Потом изображение запрыгало: я вышел в коридор. Там стояли два пирата. Один протягивал другому золотой браслет.
— Стоп! — сказал доктор. Он упер палец в браслет. — Синергетический блокатор нервных волокон, АСА-5, многоразового пользования, проще говоря — болеизлучатель.
— Крупно! — гаркнул Август.
Я повернул ручку. Предмет заполнил экран. Сомнений не оставалось.
— Время?
— Двадцать один одиннадцать.
— Значит, через четыре минуты после убийства, — сказал Август. — Дай лица. Вот они, фантомы!

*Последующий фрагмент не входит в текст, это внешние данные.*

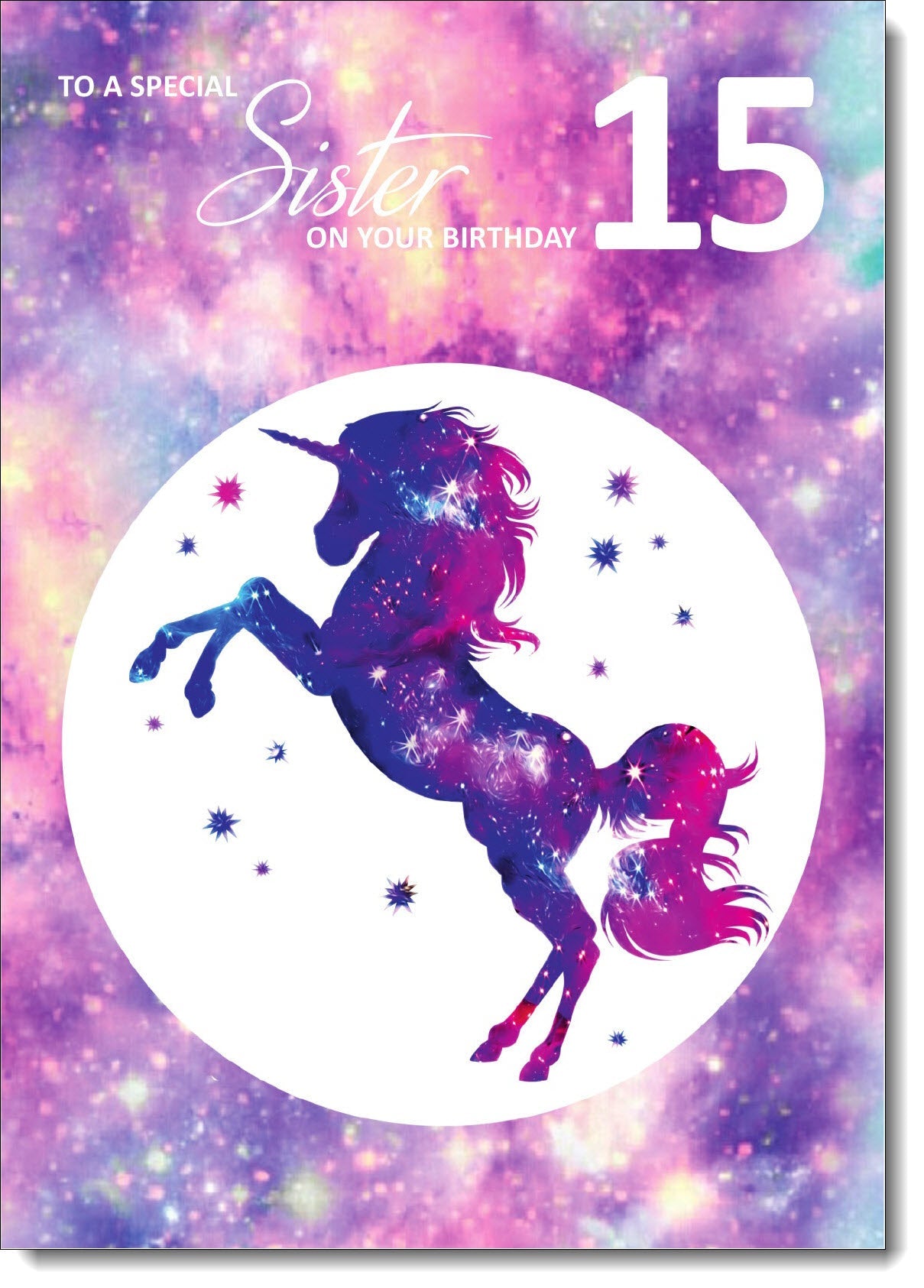 Sister 15th Birthday Card Age 15 Stardust Unicorn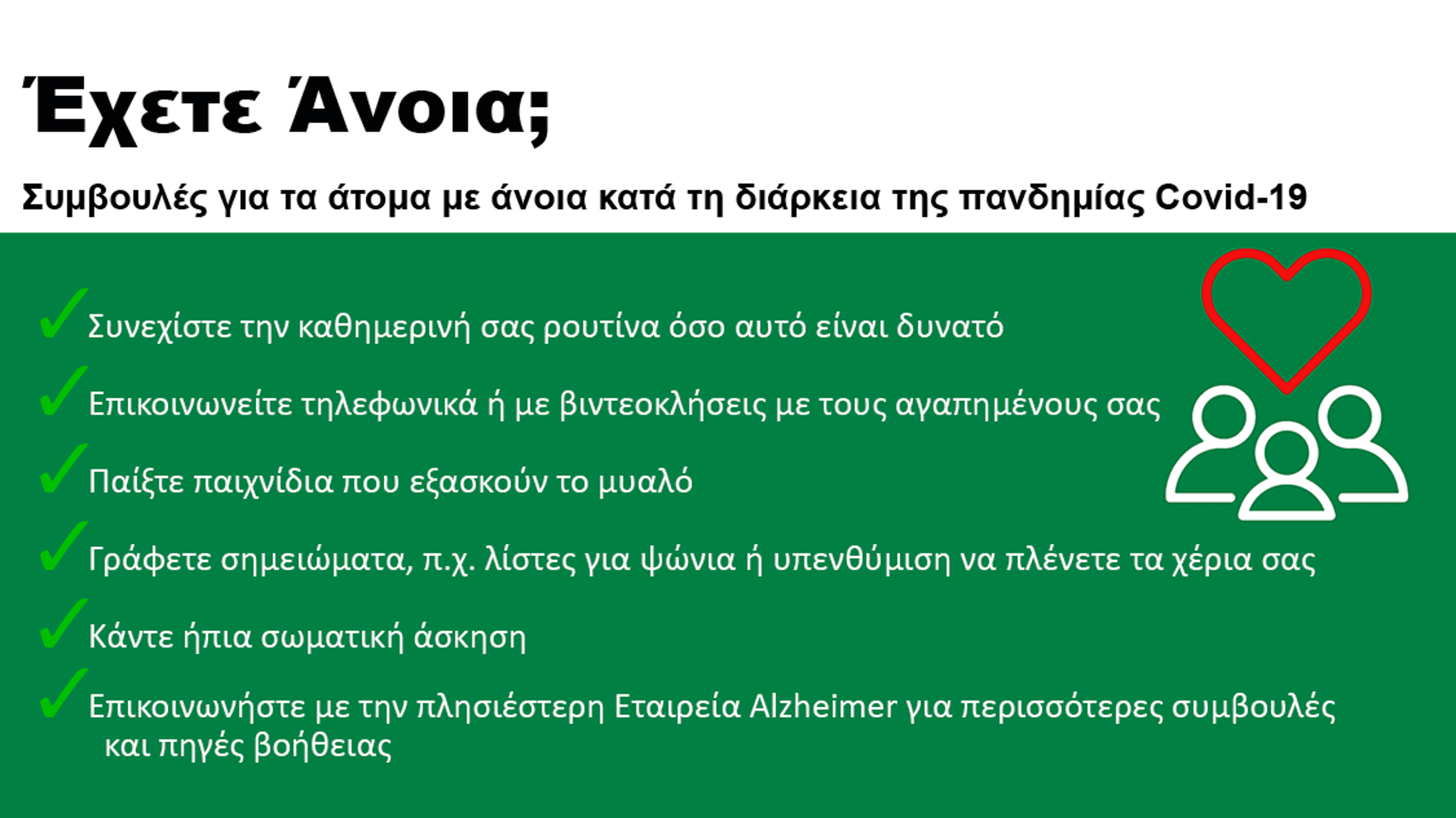 - Στο βαθμό που είναι σε θέση να το κατανοήσει, ενημερώστε το άτομο με άνοια που φροντίζετε με απλά λόγια για τη σοβαρότητα της κατάστασης. Αποφύγετε την έκθεση του σε πολλά ενημερωτικά ερεθίσματα από τα ΜΜΕ.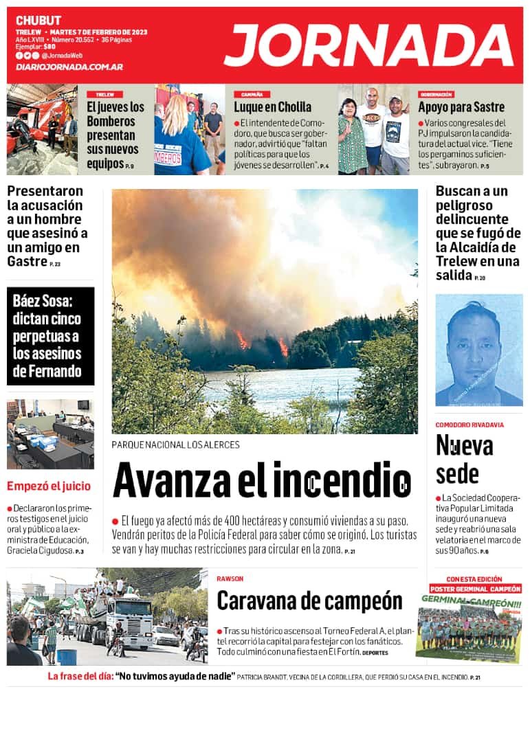 El nuevo incendio en el parque nacional Los Alerces es el tema del día. Ya son más de 900 hectáreas consumidas por el fuego y trabajan más de cien brigadistas y bomberos, asistidos por brigadistas venidos de Neuquén. El gobierno nacional aportó un helicóptero Chinook, con capacidad de arrojar 10 mil litros de agua. El incendio tapó de humo Esquel.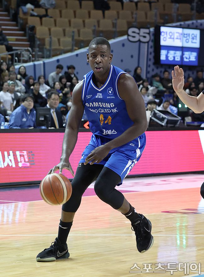 2025-2026 LG전자 프로농구 서울삼성와 대구한국가스공사의 경기가 22일 서울 잠실실내체육관에서 열렸다. 삼성 앤드류 니콜슨이 골밑으로 드리블 하고 있다. 2026.01.22. [스포츠투데이 권광일 기자 sports@stoo.com]

Оба лица были усатые, в париках. Совершенно незнакомые. Мне в них что-то не понравилось.
— Ну и глаз у вас, доктор, — уважительно отозвался Боннар.
— Вот этот, левый, убил Кузнецова, — сказал Август. Почему они в маскараде? Это ведь не голограмма.
Я понял, что мне не нравится, и разозлился:
— Мы их не определим. Это люди, одетые под голограмму. Они в биомасках.
— Свет! — бесцветным голосом сказал Август.
7
Зал походил на оранжерею. По стенам его тянулся вверх узорчатый плющ. Его прорезали огненные стрелы бегоний, усыпанные мелкими фиолетовыми цветами. В длинных аквариумах, в зеленой воде над полуразвалившимися пагодами висели толстые, пучеглазые рыбы, подергивали шлейфами плавников.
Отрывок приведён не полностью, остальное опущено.